The solvable network example shows that the framework distributes flows in the optimal manner across the flow and at the same hand; the unsolvable example also suggests the ability to identify problems and recommend improvements areas whenever constrained condition arises.
6.5.1. Theoretical Implications and Practical Utility
Overall, this research takes fractional routing to the next level with the combination of algebraic constructs and optimization techniques to provide a solid foundation for managing flow. In particular, this article makes use of vector linear transformations to encode, propagate, and decode flows in a mathematically rigorous manner that lays a solid foundation for future research. However, the framework is also very much practical, beyond its theoretical contributions. It is particularly promising for environments with limited resources, such as IoT or 6G networks, where performance regarding bandwidth and energy consumption is prominent. In addition, its scalability allows it to be applied to dynamic networks, allowing for real-time decision-making and resource allocation.

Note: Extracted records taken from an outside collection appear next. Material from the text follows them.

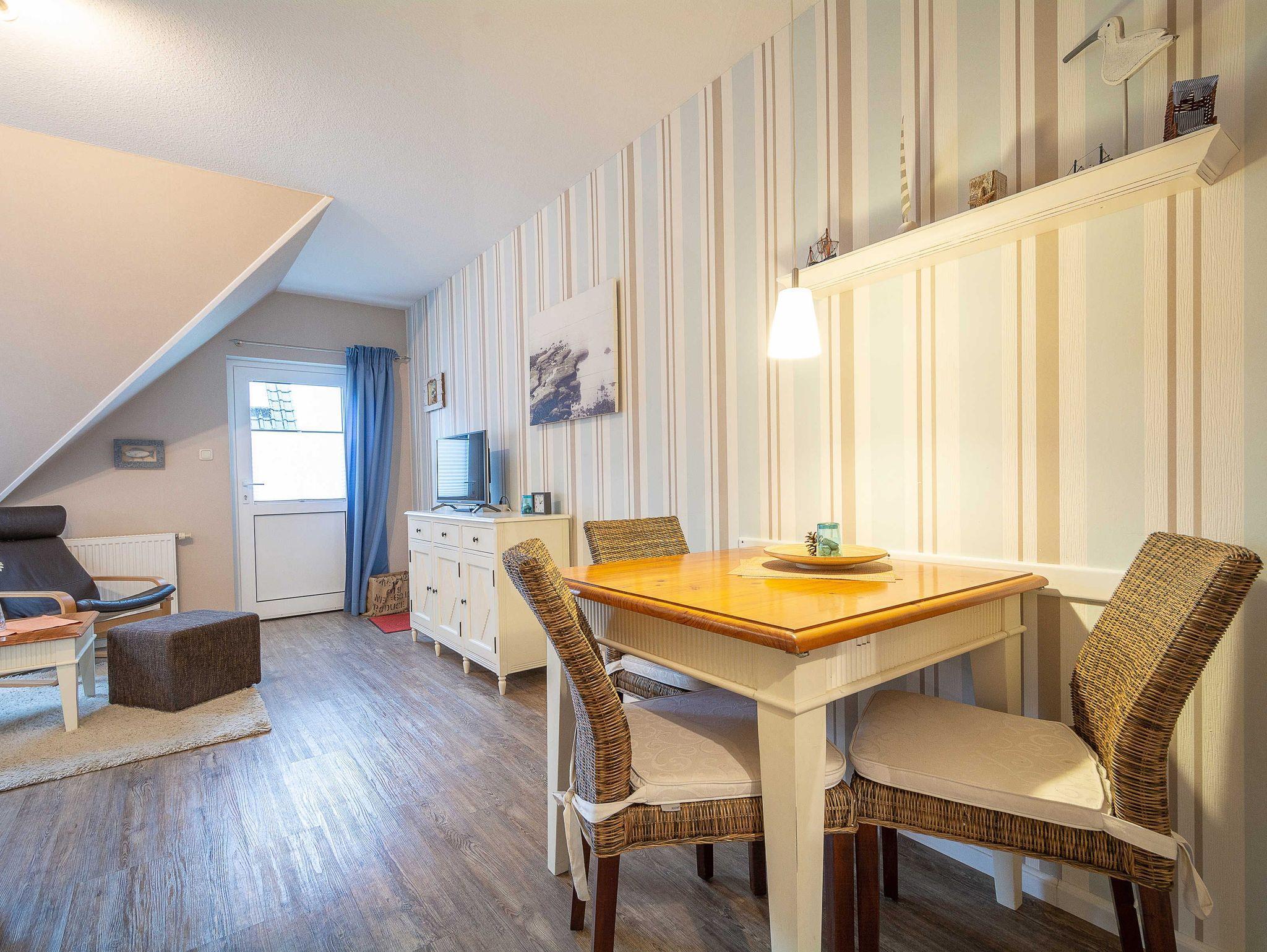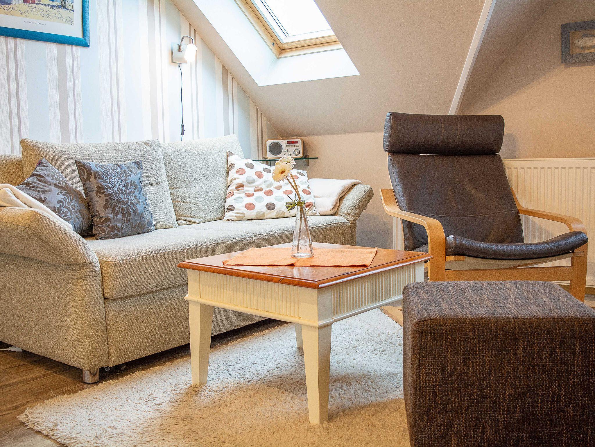 Über eine Außentreppe gelangen Sie zu Ihrer Ferienwohnung und betreten diese über den liebevoll eingerichteten Wohnraum. Der Wohnbereich ist mit einer Schlafcouch (ausgezogen 140cm x 150cm) und einem 31-Zoll Flatscreen-TV eingerichtet. Der angrenzende Essbereich bietet Ihnen reichlich Platz für gemeinsame Mahlzeiten. Die kleine integrierte Küchenzeile hält für Sie ein 2-Zonen-Cerankochfeld mit Dunstabzug, einen Kühlschrank mit Gefrierfach sowie eine Kaffeemaschine, ein Wasserkocher und ein Toaster bereit. Genügend Koch- und Essgeschirr vervollständigen die Kücheneinrichtung.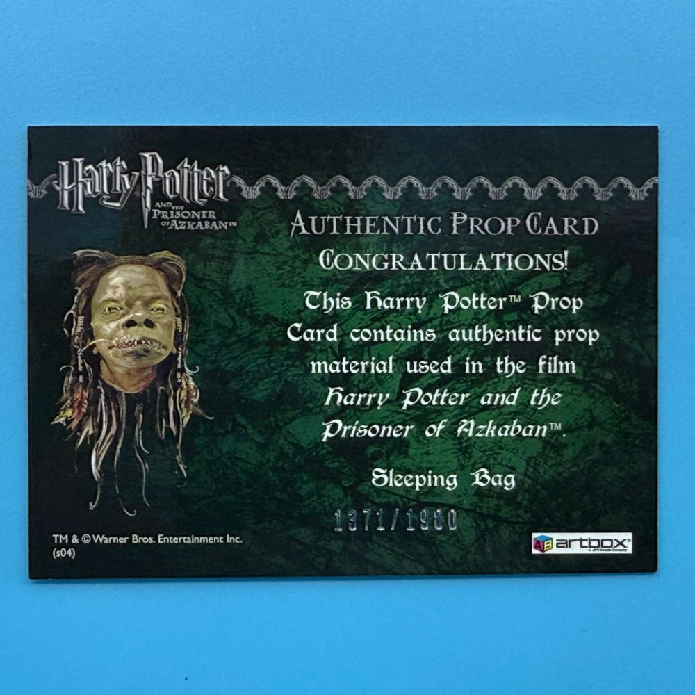 Authentic prop card from Harry Potter and the Prisoner of Azkaban by Artbox (2004), featuring fabric from a sleeping bag used in the film. Serial numbered 1371/1980.
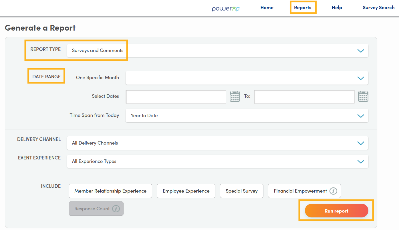 Within your MemberView portal, navigate to the Reports section to access the report generator. In the Report Type drop down, select Surveys and Comments, your desired date range, then click Run Report.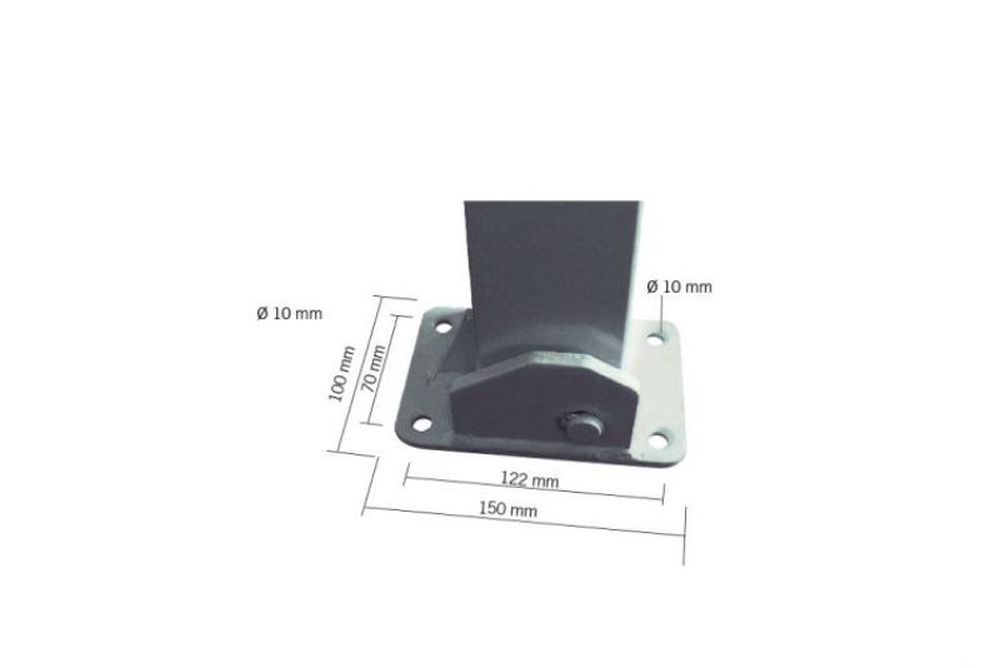 Der Absperrpfosten besteht aus Stahlrundrohr mit Durchmesser 76mm und besitzt eine selbsteinrastende Verriegelung. Er ist zur Dübelbefestigung mittels Bodenplatte 100x150mm.

6.5.2. Limitations of the Current Approach
Overall, the framework is promising, but it has some limitations. It has not yet been tested on extremely large networks with thousands of nodes, where the computational overhead may well grow with network size. However, heuristic algorithms, like the Grey Wolf Optimizer, come with the trade-off of performing approximations, and thus do not always offer an optimal solution. Moreover, the framework relies on static network topology, which is greatly lacking in real-world scenarios because network configurations are constantly changing. Thus, while finite field operations allow for higher mathematical accuracy, they can create issues for networks that need very fine flow modifications. The framework’s reliance on heuristic AI policies and quantum approximations introduces a trade-off between solution optimality and computational efficiency. While the framework ensures flow conservation and correctness, it may not always achieve the absolute minimum routing cost in every scenario, particularly under highly complex or rapidly changing network conditions. This limitation highlights the need for future enhancements incorporating global optimality guarantees and adaptive correction mechanisms.